For a stencil-plate to make the garland and ribbon border shown in the frieze of the room (Fig. 4), a one-half section only is necessary (see Fig. 11). The full length of a garland is marked on the wall by indicated dots, with chalk or pencil; then the half garlands are stencilled all around the room. When completed, the stencil-plate is carefully wiped off; then it is reversed and the remaining halves are done. The stencil-plate for the wreath ribbon and garland border shown in the room (Fig. 5) is illustrated at Fig. 12. This is a half garland and wreath, and is used as described for Fig. 11. The stencil-plate shown in Fig. 13 can be used as the frieze or border in Fig. 6. This is an empire design, and its dignity and beauty make it a fitting ornament for any room in a house.

Chapter XX
NOOKS FOR BOOKS

There is always a demand in the house for convenient places in which books, pamphlets, magazines, and papers may be kept, thus avoiding the necessity of scattering them over tables and shelves that are properly reserved for other things. Regular bookcases are suitable for a library, arranged especially for the purpose of harboring books, but for the sitting-room, bedroom, or hall the odd rack, shelf, hanging cabinet, or convenient nook is an acceptable addition to the ordinary furniture.
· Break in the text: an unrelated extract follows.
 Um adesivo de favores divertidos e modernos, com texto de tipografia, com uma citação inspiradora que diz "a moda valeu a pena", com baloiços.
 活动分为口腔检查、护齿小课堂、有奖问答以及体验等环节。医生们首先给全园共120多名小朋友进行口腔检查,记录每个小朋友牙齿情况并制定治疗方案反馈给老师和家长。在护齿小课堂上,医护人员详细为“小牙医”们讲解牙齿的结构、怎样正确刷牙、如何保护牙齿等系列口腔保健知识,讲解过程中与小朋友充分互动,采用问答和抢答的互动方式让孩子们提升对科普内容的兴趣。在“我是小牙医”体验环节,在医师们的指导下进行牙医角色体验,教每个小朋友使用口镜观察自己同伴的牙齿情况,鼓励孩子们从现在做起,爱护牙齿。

Among the following illustrations may be found a variety of ideas in book receptacles. Any of them can be made at home by the boy craftsman, of inexpensive materials that may be at hand, or cheaply purchased from a carpenter.

All of these designs are entirely practical, and may be constructed with the aid of ordinary tools, the joints, laps, and matched edges being of the simplest forms. The staining, decorating, and finishing of these pieces of odd furniture are easily within the average boy’s ability, and if the instructions are carefully followed the results should be most satisfactory.

A Wall-rack

Of these designs the wall-rack (Fig. 1) is perhaps the easiest to construct, since it is formed of but three shelves and some narrow rails.
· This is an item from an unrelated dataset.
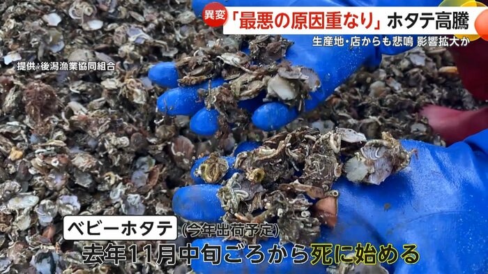 うずたかく積まれていたのは、ホタテの稚貝だ。去年の春に生まれ今年出荷される予定だったベビーホタテだったが、去年11月中旬頃から死に始めたという。

A convenient size will be from twenty-seven to thirty-six inches long, twenty inches high (from top to bottom shelf), and eight inches deep. The extreme height from top to bottom, along the middle wall strip, is about thirty-eight inches. The wood should be three-quarters of an inch in thickness, planed on both sides, and free from knots or sappy places. The strips, excepting the centre-piece at the back, measure two and a half inches in width, and where one crosses another a lap is cut in each, as shown in Fig. 2. This may be done with a fine saw and chisel, and the joint held firmly with glue. Where the shelves join the uprights at the ends a groove is cut in the end-rails to receive the ends of the shelves, as shown in Fig. 3. The curved sections of the rails, the back-board, and the tops of the upright strips at the back should be cut with a compass-saw and afterwards sand-papered or dressed down with a wood-file. All the edges of the wood-work should be rounded by means of a small plane or sand-paper, since sharp corners are not desirable on useful furniture.